▶ **WORK ORDER**:
Below, locate the line that contains "天気や果物の単語を教えてくれ". Repeat exactly from that line to the line that contains "埃里克森出现意外后受到世界球", inclusive, leaving out the pictures.

▶ **DATA FOR ANALYSIS**:
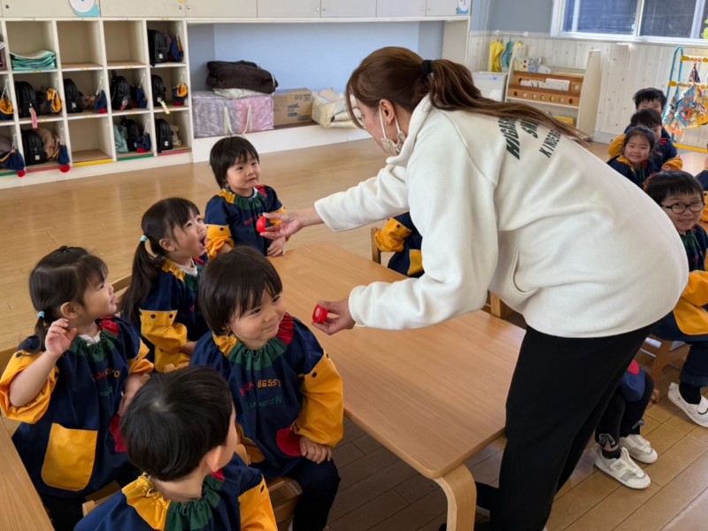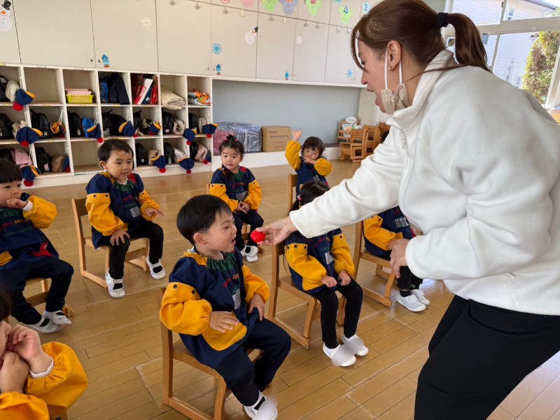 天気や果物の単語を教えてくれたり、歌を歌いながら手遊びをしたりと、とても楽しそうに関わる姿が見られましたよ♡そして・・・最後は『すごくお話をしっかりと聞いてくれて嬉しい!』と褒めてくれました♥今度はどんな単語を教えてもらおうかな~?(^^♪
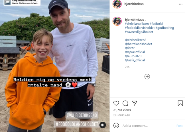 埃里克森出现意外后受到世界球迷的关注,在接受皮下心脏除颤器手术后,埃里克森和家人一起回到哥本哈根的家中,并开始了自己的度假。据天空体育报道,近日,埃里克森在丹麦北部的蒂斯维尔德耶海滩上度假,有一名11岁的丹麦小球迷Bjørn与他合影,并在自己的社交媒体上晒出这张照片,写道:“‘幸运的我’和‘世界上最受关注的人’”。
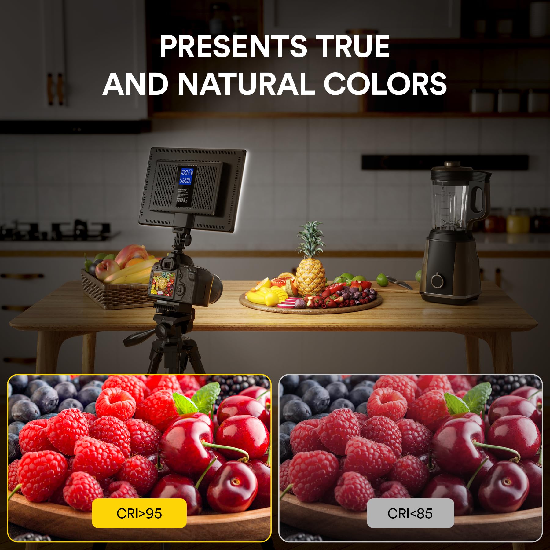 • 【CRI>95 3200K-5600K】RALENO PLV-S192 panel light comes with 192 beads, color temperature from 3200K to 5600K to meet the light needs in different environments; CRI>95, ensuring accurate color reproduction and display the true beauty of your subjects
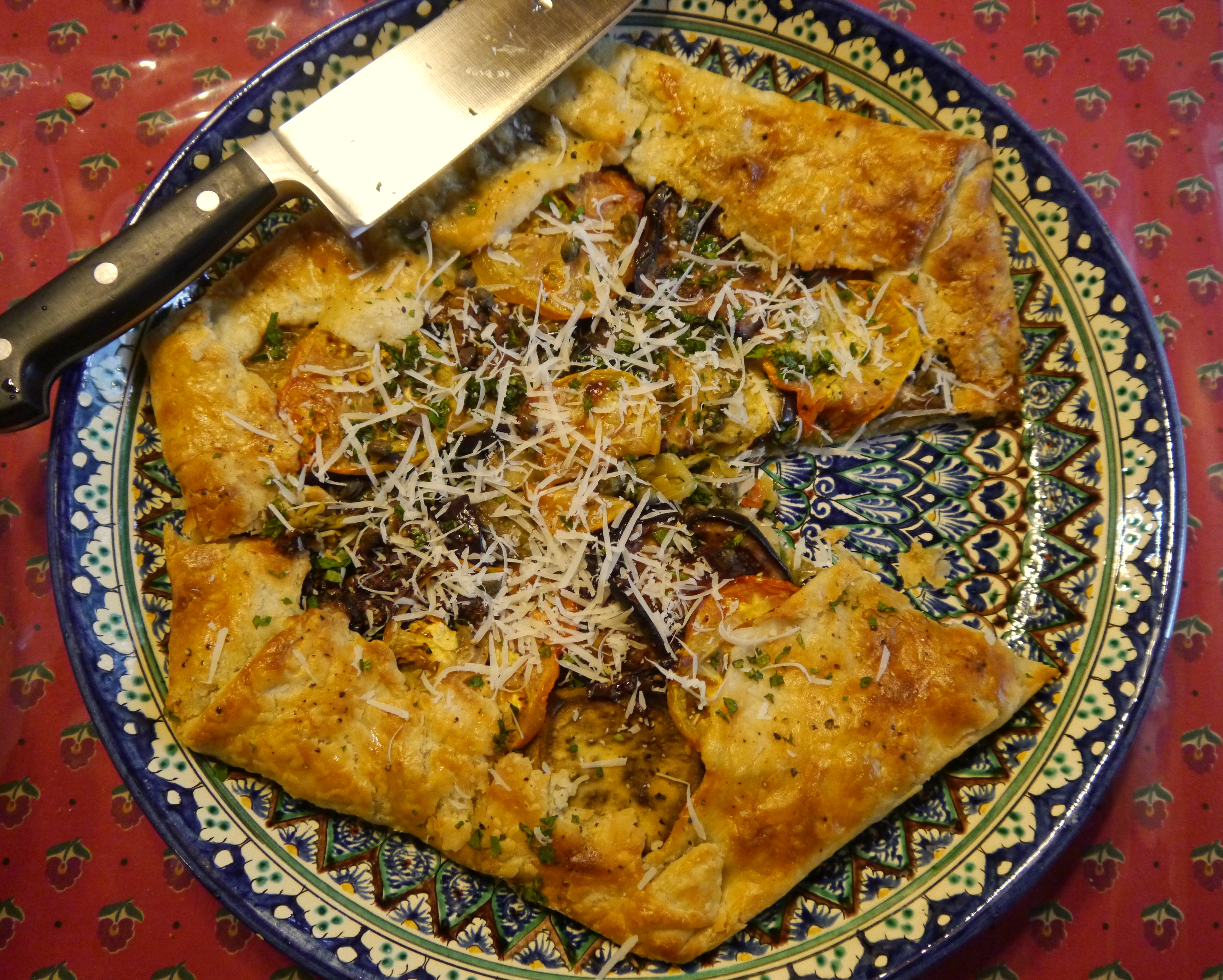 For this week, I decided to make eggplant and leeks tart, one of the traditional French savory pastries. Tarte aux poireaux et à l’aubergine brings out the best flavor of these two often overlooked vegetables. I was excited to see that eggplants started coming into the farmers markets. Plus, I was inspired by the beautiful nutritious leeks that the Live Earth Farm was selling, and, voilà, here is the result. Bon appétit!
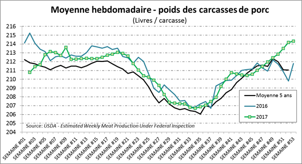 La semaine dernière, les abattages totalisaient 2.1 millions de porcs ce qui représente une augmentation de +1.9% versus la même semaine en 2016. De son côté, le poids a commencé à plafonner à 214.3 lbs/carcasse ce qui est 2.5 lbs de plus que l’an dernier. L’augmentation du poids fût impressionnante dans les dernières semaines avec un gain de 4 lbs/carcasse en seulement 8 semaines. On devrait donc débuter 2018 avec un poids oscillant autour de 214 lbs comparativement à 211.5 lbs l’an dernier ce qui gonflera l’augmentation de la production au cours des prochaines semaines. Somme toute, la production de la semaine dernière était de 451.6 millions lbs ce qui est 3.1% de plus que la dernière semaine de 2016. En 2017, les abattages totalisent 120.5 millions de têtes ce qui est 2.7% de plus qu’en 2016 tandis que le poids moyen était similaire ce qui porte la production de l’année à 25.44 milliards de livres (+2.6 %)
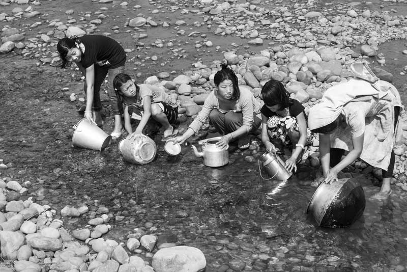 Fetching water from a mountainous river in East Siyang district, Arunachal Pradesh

---

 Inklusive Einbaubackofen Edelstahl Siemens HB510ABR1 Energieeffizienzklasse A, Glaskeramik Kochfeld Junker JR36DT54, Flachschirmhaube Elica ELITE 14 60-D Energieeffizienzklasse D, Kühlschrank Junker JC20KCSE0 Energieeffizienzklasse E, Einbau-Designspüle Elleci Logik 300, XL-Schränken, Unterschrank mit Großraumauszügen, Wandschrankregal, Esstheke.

* * *

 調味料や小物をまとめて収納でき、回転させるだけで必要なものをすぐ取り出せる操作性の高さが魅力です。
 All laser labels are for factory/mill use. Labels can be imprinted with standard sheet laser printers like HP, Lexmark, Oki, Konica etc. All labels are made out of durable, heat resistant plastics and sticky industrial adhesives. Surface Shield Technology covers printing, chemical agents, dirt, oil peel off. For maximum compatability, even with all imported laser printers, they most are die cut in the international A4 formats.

▶ **OUTPUT**:
 天気や果物の単語を教えてくれたり、歌を歌いながら手遊びをしたりと、とても楽しそうに関わる姿が見られましたよ♡そして・・・最後は『すごくお話をしっかりと聞いてくれて嬉しい!』と褒めてくれました♥今度はどんな単語を教えてもらおうかな~?(^^♪
 埃里克森出现意外后受到世界球迷的关注,在接受皮下心脏除颤器手术后,埃里克森和家人一起回到哥本哈根的家中,并开始了自己的度假。据天空体育报道,近日,埃里克森在丹麦北部的蒂斯维尔德耶海滩上度假,有一名11岁的丹麦小球迷Bjørn与他合影,并在自己的社交媒体上晒出这张照片,写道:“‘幸运的我’和‘世界上最受关注的人’”。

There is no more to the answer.